In a wide-ranging the IEA forecasts a U.S. shale boom over the next five years which will firmly cement U.S. producers on global oil and gas export markets. In fact, the agency thinks U.S. shale will account for 70 percent of global capacity growth in that period, which could change the Industry almost beyond recognition. If correct, the IEA's projections would see the US replace Russia and move close to Saudi Arabia's crown as the world's top oil exporter.

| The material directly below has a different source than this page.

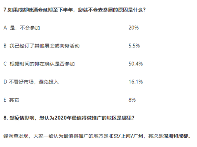 7. 50.4%的企業在觀望成都春季糖酒會的延期時間以便確認是否參加。

For the Middle East-led OPEC it raises the specter of a near future where their market share will shrink and its ability to influence prices will decrease. The IEA's projections come at a time when OPEC+ is pursuing a strategy aimed at boosting prices. Last December OPEC, Russia and other non-members, agreed to reduce supply by 1.2 million bpd. OPEC's share of the cut amounts to 800,000 bpd, but after the latest IEA forecast some warn the growth of U.S. shale could make OPEC's strategy of ceding market share to bolster prices less appealing.
Sean Evers, the Managing Partner at Gulf Intelligence says right now there's "certainly a need for both shale and everybody else's oil barrels" but he adds with peak demand possibly lurking on the horizon and market space forecast to be more cluttered, "I suspect OPEC will not be able to hold onto the maximized price over market share strategy as they have done for the last fifty years."
The International Energy Agency's claims also raise the issue of where OPEC can find growth in the coming years. U.S. sanctions on Iran and Venezuela stand to restrict supply from the two key members. Meanwhile, the Paris-based IEA predicts only Iraq and the United Arab Emirates (UAE) will make significant capacity increases over the next five years. Part of the problem could be investment, or more to the point a lack of it. Indeed, on Monday Saudi Arabia's Energy Minister Khalid al-Falih was reported by Reuters as saying across the oil Industry as a whole "estimates show that 11 trillion U.S. dollars in investments will be needed over the coming two decades to meet demand growth."
According to analysts, part of OPEC's problem is attracting that investment in the wake of the U.S. shale boom. Herman Wang, a senior oil writer for SP Global Platts, says a lot of OPEC countries are "faced with declining mature fields" where they have to invest a lot of money to "replace those barrels that they're losing to natural decline." By contrast Wang says, "We're seeing a lot of investment in the U.S, in this shale oil, the short cycle shale oil that brings about returns more quickly."
Any such changes to OPEC's future market share could also bring with them geopolitical ramifications. For many of the bloc's members energy exports form the backbone of their respective economies. For now, OPEC has largely welcomed U.S. shale, saying there's enough space for everyone, but that messaging could change further down the pipeline if it loses market influence to a historic OPEC consumer.